The Roman Catholic clergy sex abuse crisis blankets the globe in darkness. We are at a tipping point — or at least we ought to be.
The unmasking and resignation of the former archbishop of Washington, Cardinal Theodore McCarrick, placed alongside the recent release of an exhaustive grand jury report in Pennsylvania that describes in withering detail more than 1,000 grotesque abuses, has reinforced the growing public sentiment in favor of eliminating the statutes of limitations for child sex abuse. Under current law, a vast majority of victims will receive no justice because of an arbitrary procedural deadline.
To pierce the darkness of clerical knowledge of child sex abuse and to obtain justice for the victims, we need to change the statutes of limitation for these crimes, but that is not enough. To begin to see the light, we must also make clergy members mandated reporters of suspected abuse in every state the way teachers and doctors already are — and we need to begin to think about eliminating the confessional privilege.
Only one-third of abuse victims report what happened to them while they are still children. This is because of the power chasm between them and their abusers, threats from perpetrators and sometimes the children’s inability to comprehend fully what has been done to them. The insidious effects of trauma from depression, post-traumatic stress disorder, substance abuse and other medical problems also hinder reporting. For all these reasons, the average age for victims to come forward is 52.
Every state has laws that require at least some adults to report suspected child abuse. In most states, professionals — teachers, principals, counselors, social workers and health care providers, including mental health care providers — are mandated reporters, while in some states the obligation applies to every adult.
Clergy members are more likely to know about abuse than teachers or doctors. Yet just under half of the states do not mandate that clergy members report suspected abuse to the authorities or child protective services. When religious organizations keep these facts circulating internally while failing to disclose them to the public, the children suffer.
For religious organizations, there are other factors that reduce the likelihood that law enforcement and protective services will learn of suspected abuse. Even those states that treat clergy members as mandated reporters still may not require reporting in circumstances where the information was gleaned through a “clergy-penitent†communication. All states recognize a confessional privilege that can immunize clergy members from reporting if they learn the facts of reportable crimes through one-on-one communication with a parishioner. This privilege is not limited to the Catholic faith. A few states have explicitly or implicitly denied the privilege — New Hampshire, North Carolina, Oklahoma, Rhode Island, Texas and West Virginia — if the issue is child abuse or neglect. But elsewhere confessional privilege can operate as a high bar to child protection.
Despite a so-called zero-tolerance policy for child sex abuse, the Vatican has ordered Catholic clergymen to report suspected crimes according to the law of the jurisdiction where the crime occurred. Translation: Clergy members need only report in those states where the law actually requires them to report, and, in many cases, if the information is discovered outside the confessional. The reality is that religious lobbyists fight mandated reporting with vigor and therefore the Vatican is cleverly ordering its clergymen to report only where its lobbyists have failed to keep them off the list of mandated reporters. Lifting the confessional privilege for any reason is a matter of intense dispute, but our current experiences with the depth and breadth of child sexual abuse tell us what must be done.

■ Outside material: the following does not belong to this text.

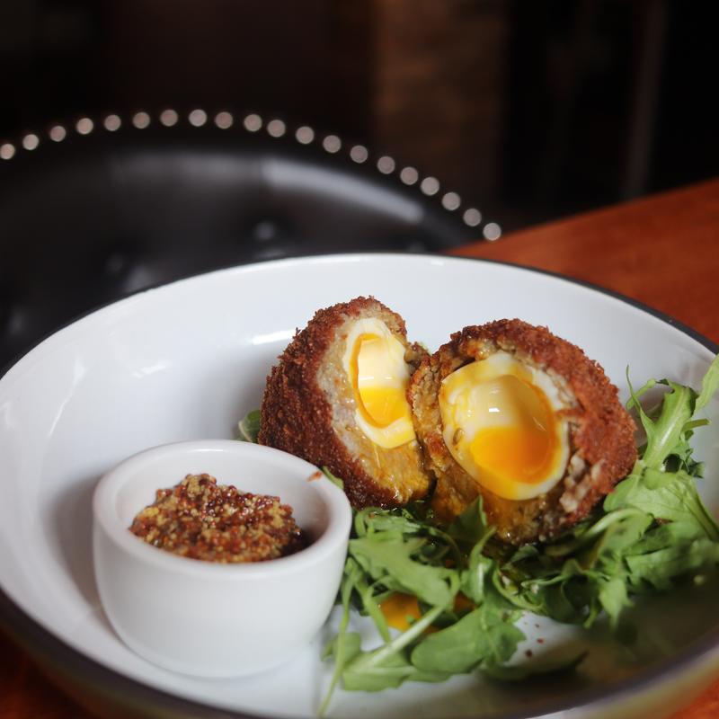 Soft-boiled egg wrapped in sausage and bread crumbs. Served with whole grain mustard

When short statutes of limitations gag the victims and a hodgepodge of state reporting laws are combined with the clergy-penitent privilege, the public is shortchanged. When so much truth is shielded from the light, the hierarchy is able to float its disingenuous claims about having cleaned house.
Australia is ahead of the curve on these issues, as a result of the Royal Commission into Institutional Responses to Child Sexual Abuse, which made recommendations that went as far as condemning confessional privilege. Despite the fact that perpetrators have many victims and that children are inherently vulnerable, the clerical pushback in Australia has been intense. Lawmakers, however, should not defer to politics in the face of the epidemic of child sex abuse. As important as confessional privilege is to some clergy members and religious organizations, they need to finally realize that their mission is poisoned as long as it is consonant with the sexual abuse of children.
Weak penalties have also made reporting more of a choice than a mandate — penalties can be as little as a small fine. While one failure to report is dangerous and should be subject to more serious punishment, a systemic failure to report is far more problematic and deserves escalating penalties. The Pennsylvania grand jury report included a recommendation that all states should consider: For those institutions that repeatedly fail to report suspected abuse, the penalties should be clearer. They should also be increasingly onerous, including significant financial penalties and potential jail time for higher-ups who covered up abuse.
For a truly child-centered system of justice, we cannot trust religious institutions to police themselves.
Marci Hamilton is a professor of practice at the University of Pennsylvania and the chief executive of Child USA.